/mspafsnop

A python-based MSPA forum parser.

Primary LanguagePythonBSD 2-Clause "Simplified" LicenseBSD-2-Clause

MSPAF SNOP, the Silly-Named Opinion Parser

About

MSPAF SNOP is a Python 2.7 program designed to parse MSPA forum theads. Once known as vBullet! and designed to work with all vBulletin boards, its compatability scope became much more specific after I realized that not all vBulletin forums are equal and that trying to account for every possible style difference was probably a waste of time. As such, there are some remnants of all-inclusive compatibility scattered about, most notably in date and time parsing.

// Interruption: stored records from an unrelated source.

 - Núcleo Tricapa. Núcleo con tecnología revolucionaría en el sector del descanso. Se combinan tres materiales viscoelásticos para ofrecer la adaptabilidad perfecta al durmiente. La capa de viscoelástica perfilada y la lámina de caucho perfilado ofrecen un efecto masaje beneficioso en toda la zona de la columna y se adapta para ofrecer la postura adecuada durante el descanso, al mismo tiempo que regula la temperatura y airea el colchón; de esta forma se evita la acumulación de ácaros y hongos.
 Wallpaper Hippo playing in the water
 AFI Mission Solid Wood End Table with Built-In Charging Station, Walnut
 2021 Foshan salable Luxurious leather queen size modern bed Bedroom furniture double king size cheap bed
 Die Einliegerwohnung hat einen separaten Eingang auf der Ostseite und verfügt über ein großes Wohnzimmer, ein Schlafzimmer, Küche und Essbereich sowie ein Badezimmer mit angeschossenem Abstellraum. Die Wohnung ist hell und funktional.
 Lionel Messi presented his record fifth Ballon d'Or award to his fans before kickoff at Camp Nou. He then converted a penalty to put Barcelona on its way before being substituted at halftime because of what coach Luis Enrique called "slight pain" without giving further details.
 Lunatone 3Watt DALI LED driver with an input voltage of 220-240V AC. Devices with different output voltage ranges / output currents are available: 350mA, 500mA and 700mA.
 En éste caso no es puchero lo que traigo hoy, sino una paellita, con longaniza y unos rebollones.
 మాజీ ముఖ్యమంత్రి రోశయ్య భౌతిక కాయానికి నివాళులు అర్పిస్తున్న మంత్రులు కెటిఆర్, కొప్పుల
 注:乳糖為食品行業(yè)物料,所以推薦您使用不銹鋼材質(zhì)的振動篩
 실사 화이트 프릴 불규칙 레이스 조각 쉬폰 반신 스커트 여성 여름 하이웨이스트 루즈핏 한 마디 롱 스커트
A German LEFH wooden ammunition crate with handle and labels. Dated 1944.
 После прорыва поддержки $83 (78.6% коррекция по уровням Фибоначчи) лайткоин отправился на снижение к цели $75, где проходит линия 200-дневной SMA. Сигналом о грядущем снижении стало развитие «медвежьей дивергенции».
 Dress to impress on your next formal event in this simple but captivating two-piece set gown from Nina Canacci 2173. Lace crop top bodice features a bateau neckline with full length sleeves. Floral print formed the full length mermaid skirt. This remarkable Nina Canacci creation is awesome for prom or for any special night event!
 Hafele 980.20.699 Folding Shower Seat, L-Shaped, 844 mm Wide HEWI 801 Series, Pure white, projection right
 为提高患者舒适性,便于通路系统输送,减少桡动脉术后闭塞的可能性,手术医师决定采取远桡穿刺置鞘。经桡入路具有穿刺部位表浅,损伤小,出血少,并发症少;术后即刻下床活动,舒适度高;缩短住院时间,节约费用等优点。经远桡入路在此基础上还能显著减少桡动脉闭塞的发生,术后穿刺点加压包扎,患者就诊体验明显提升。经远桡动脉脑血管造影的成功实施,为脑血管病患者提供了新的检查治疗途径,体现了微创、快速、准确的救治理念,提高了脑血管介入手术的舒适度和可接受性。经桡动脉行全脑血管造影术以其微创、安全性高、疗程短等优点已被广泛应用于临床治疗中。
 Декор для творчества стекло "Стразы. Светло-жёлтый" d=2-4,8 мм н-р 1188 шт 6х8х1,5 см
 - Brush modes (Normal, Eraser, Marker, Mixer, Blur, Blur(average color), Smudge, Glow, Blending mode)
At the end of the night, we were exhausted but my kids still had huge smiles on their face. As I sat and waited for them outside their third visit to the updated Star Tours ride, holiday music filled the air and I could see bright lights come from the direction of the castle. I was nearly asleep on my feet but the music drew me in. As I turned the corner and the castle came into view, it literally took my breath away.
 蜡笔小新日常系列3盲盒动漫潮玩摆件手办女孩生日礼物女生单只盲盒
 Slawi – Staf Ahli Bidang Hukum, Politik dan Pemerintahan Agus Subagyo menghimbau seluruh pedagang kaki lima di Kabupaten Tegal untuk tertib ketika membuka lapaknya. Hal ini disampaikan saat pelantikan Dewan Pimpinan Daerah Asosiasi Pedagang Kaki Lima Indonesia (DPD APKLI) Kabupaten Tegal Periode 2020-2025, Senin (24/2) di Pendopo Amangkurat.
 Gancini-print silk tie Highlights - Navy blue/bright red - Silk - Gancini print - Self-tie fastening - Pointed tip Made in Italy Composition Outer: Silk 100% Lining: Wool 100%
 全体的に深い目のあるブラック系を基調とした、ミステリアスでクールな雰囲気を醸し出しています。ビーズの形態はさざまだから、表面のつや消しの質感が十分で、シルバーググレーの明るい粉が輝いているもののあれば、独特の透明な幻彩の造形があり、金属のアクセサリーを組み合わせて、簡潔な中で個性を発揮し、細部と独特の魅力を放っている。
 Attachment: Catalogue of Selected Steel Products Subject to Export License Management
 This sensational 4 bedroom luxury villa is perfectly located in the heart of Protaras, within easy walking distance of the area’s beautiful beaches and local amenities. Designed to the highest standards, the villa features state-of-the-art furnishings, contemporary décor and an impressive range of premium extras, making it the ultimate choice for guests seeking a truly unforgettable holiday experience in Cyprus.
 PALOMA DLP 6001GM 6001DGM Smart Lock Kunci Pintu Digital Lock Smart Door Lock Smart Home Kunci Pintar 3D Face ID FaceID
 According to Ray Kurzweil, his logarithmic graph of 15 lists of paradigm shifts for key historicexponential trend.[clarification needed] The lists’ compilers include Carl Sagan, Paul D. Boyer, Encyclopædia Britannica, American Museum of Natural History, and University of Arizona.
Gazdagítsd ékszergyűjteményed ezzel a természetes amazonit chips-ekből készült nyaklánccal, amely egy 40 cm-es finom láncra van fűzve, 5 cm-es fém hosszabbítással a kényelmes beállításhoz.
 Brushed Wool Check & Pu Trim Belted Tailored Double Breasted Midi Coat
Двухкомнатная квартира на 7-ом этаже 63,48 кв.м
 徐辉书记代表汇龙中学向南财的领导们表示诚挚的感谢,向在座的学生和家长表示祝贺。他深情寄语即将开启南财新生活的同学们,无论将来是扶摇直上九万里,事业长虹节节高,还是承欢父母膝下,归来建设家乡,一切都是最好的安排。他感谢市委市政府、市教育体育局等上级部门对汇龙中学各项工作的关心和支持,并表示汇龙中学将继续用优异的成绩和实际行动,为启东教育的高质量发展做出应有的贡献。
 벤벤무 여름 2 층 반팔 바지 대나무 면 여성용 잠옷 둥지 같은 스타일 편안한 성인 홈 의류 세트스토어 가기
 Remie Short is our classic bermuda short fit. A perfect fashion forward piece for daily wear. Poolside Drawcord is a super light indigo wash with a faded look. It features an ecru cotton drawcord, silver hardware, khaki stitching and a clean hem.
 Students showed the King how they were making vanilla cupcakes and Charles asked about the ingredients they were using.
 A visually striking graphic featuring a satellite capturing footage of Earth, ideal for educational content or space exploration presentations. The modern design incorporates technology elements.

One of the most significant problems I ran into that caused me to adjust the scope of the project was that of understanding forum-inspecific BBCode elements. While there are some global codes like [code] and [quote], different versions appear to have differing implementations. Further, plugin-provided codes like [spoiler] don't necessarily follow the same conversion to HTML that the global codes do. I decided to focus purely on my reasons for writing the program - namely, MSPAF - but feel free to modify the code to support more forums.

Dependencies

Proper execution of MSPAF SNOP depends on the existence of external libraries not included in vanilla Python 2.7.3. These are:

  • lxml - for speedy XML comprehension
  • Beautiful Soup 4 - for working effectively with the forum HTML tree

License

MSPAF SNOP is licensed under a very simple BSD license. See snop-license.txt for details.